In 4th edition Dungeons & Dragons, characters are separated into tiers based on level. Below level 10 is the Hero tier, between 10 and 20 is Paragon, and finally at level 20, the Epic tier. At each tier, a character can take on significantly greater challenges. Dividend investing is similar. When you’re first starting out, it can seem difficult to save enough money for your first few positions. However, once you have your first 10 companies paying you dividends, it gets a little easier, because the passive income is making up for some of the fluctuations in your expenses. Then at the $150,000 mark, your portfolio reaches Critical Mass. Sounds epic right?. This threshold is labeled this way because a 3.5% annual dividend will payout almost $5500 which is the current maximum contribution to an IRA for a year. This means if you were putting your investments in an IRA, your dividends would be contributing almost as much as you are.

For the past 5 years, I have been working various jobs developing my skills as a web developer, all the while feeling underappreciated and underpaid.

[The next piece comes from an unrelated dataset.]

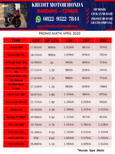 KREDIT MOTOR HONDA BANDUNG 2020, DP mulai 800 Rb dan info harga terbaru dp dan cicilan dan kami deler resmi honda bandung mendukung program pemerintah untuk memutus rantai penyebaran virus Corona dan kamipun sangat peduli akan kesehatan anda sekaligus memenuhi kebutuhan anda untuk memiki kendaraan baru honda, maka dari itu kami memberikan pelayanan dan kemudahan proses online untuk pelanggan setia honda, anda cukup duduk manis aja di rumah.

After discovering dividend growth investing a little over a year ago, I’ve been taking what little money I could squeeze out of my budget to invest in high quality companies. This year, my dividend income has reached a level where it can cover my occasional video game purchases. I’m finally starting to feel like I’ve made it into the next tier, which is a great feeling.

I like to imagine that, in all of spacetime, I have already reached Critical Mass level, and it’s just a matter of time and persistence until I reach my goal. You’ve accomplished all of your goals as well, you’re just not at that point on the timeline yet. Think about that next time you get anxious about where you are in your investing journey.

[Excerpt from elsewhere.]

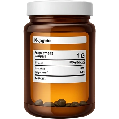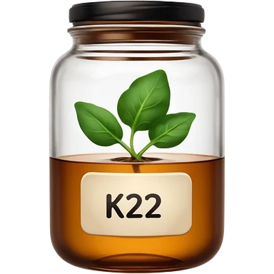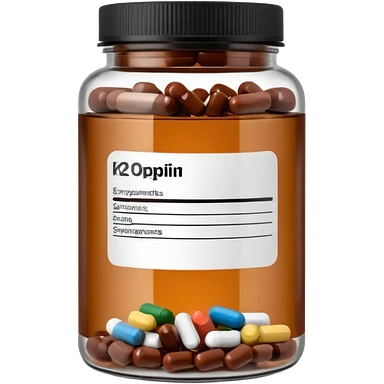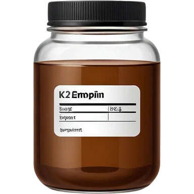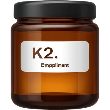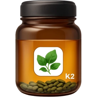 brown glass jar of supplements with white label, black thin title K2 emoji

For more dividend investing advice, check out Dan Mac’s recent article compiling advice from many dividend bloggers including myself. You can find the article here.

Black Gold

There are 2 things you can count on, death and taxes. If we had to expand it to a third thing, it would be that Americans and the rest of the world are going to keep using Oil for the foreseeable future. Today, we’ll be looking at ConocoPhillips (COP). When it comes to natural gas and crude oil, ConocoPhillips does it all from searching to production and marketing.

One thing that drew me to COP is the low current P/E Ratio of 10.8, well below the 20 I usually aim for. Before we get too excited though, their PEG Ratio (which is based on projected growth) sits somewhere between 1.72 and 2.23 (depending on your source), which may still point to the stock being overvalued at the current price. I usually won’t raise an eyebrow for the PEG Ratio unless it’s over 2 since it’s being based on speculation.

What’s most important to me is the dividend. The current yield is about 3.9%, which is pretty nice. They have increased dividend distributions for the past 12 years, and dividend growth over the past 10 years has averaged over 17% per year. Last year’s dividend raise was significantly lower at 4.5%. The payout ratio is 48% based on last year’s EPS of 5.7 and the current quarterly dividend of $0.69. With this conservative calculation, there is still plenty of room to increase the dividend payment each year.

If you invested $1000 in this stock 10 years ago and reinvested all dividends, you would now have about 72.82 shares worth $5072.28 paying out $198.80 in dividends each year.

I’ll continue to analyze stocks on my watch list before making my first purchase in April.

In other news, my wife and I are looking to potentially buy a house later this year, which means the stock purchases I report in this blog will probably only be held for a short time. I intend to rebuild the portfolio after the down payment, but this will affect my strategy for this year. As such, a high yield stock like COP may be a good fit for this time frame. I have my individual account as well, so when the time comes, I will probably only sell the companies that are overvalued at the time of selling.